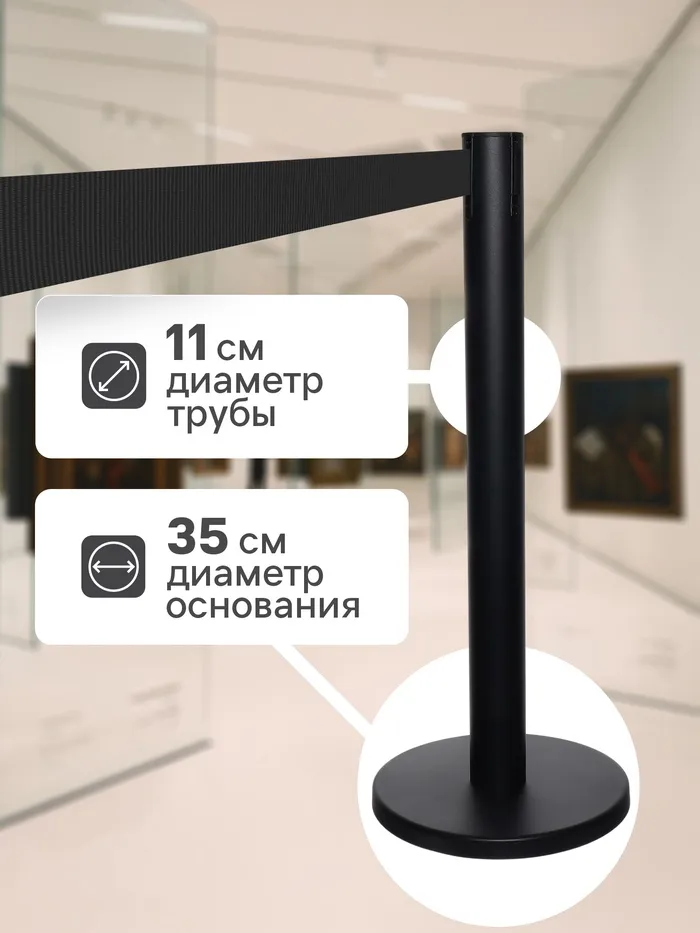 Стойка ограждения чёрная, с чёрной вытяжной лентой 470 см, высота 90 см, d=11 см, напольный d=35 см — Характеристики
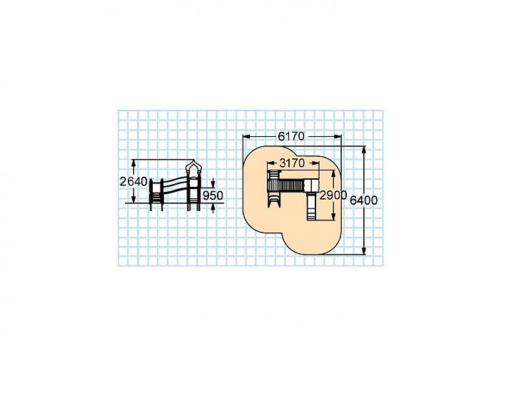 Размер: 3170х2900х2640 мм. Высота площадок 650 мм и 950 мм.
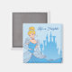 Cendrillon dans sa robe bleue avec la silhouette du château en arrière - plan.

WHAT THE TASK ASKS => Could you reproduce all of the material exactly? Keep the pictures out of it.

SOLUTION BELOW =>
 Стойка ограждения чёрная, с чёрной вытяжной лентой 470 см, высота 90 см, d=11 см, напольный d=35 см — Характеристики
 Размер: 3170х2900х2640 мм. Высота площадок 650 мм и 950 мм.
 Cendrillon dans sa robe bleue avec la silhouette du château en arrière - plan.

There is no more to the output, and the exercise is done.